If there are no supplementary columns this field is not present.

SupColsNtable

Same as out.SupColsN but in table format (with row and column names). This is the contingency table referred to supplementary columns.

If there are no supplementary columns this field is not present.

This output is present just if your MATLAB version is not<2013b.

RowsPriSup

Principal coordinates of supplementary rows.

If there are no supplementary rows this field is not present.

RowsStaSup

Standard coordinates of supplementary rows.

If there are no supplementary rows this field is not present.

RowsSymSup

Symmetrical coordinates of supplementary rows.

If there are no supplementary rows this field is not present.

ColsPriSup

Principal coordinates of supplementary columns.

If there are no supplementary columns this field is not present.

ColsStaSup

Standard coordinates of of supplementary columns.

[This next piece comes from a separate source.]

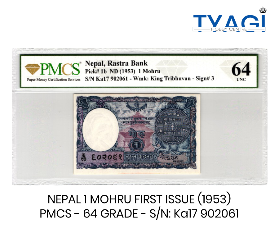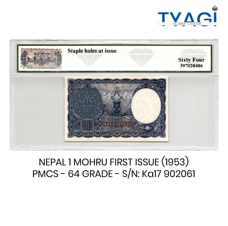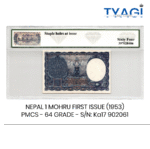 NEPAL 1 MOHRU FIRST ISSUE (1953) - PMCS 64 GRADE - S/N Ka17 902052 Original price was: ₹3,500.00.Current price is: ₹2,500.00.
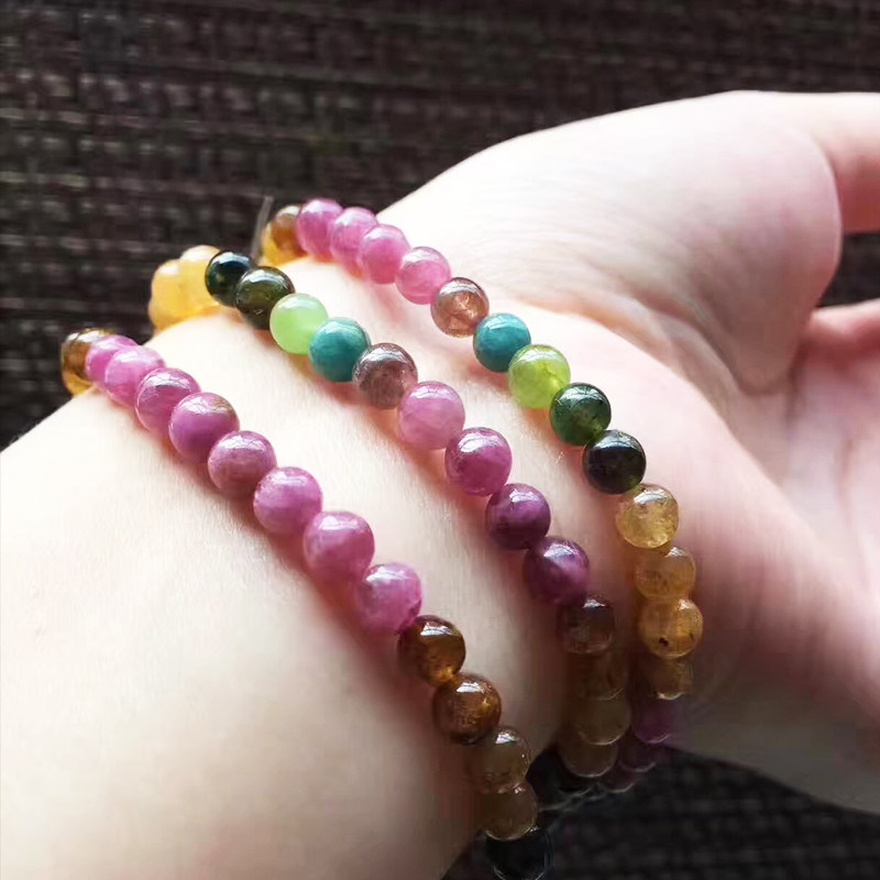老料碧玺手链单圈多圈正品老矿彩虹色碧玺珠子散珠串珠单圈手串女

If there are no supplementary columns this field is not present.

ColsSymSup

Symmetrical coordinates of supplementary columns.

If there are no supplementary columns this field is not present.

## References

Benzecri, J.-P. (1992), "Correspondence Analysis Handbook", New-York, Dekker.

Benzecri, J.-P. (1980), "L'analyse des donnees tome 2: l'analyse des correspondances", Paris, Bordas.

Greenacre, M.J. (1993), "Correspondence Analysis in Practice", London, Academic Press.

Gabriel, K.R. and Odoroff, C. (1990), Biplots in biomedical research, "Statistics in Medicine", Vol. 9, pp. 469-485.

Greenacre, M.J. (1993), Biplots in correspondence Analysis, "Journal of Applied Statistics", Vol. 20, pp. 251-269.

Urbano, L.-S., van de Velden, M. and Kiers, H.A.L. (2009), CAR: A MATLAB Package to Compute Correspondence Analysis with Rotations, "Journal of Statistical Software", Vol. 31.

## Acknowledgements

This function has been inspired by the code developed by:

Urbano Lorenzo-Seva (Rovira i Virgili University, Tarragona, Spain), Michel van de Velden (Erasmus University, Rotterdam, The Netherlands), and Henk A.L. Kiers (University of Groningen, Groningen, The Netherlands) (See References).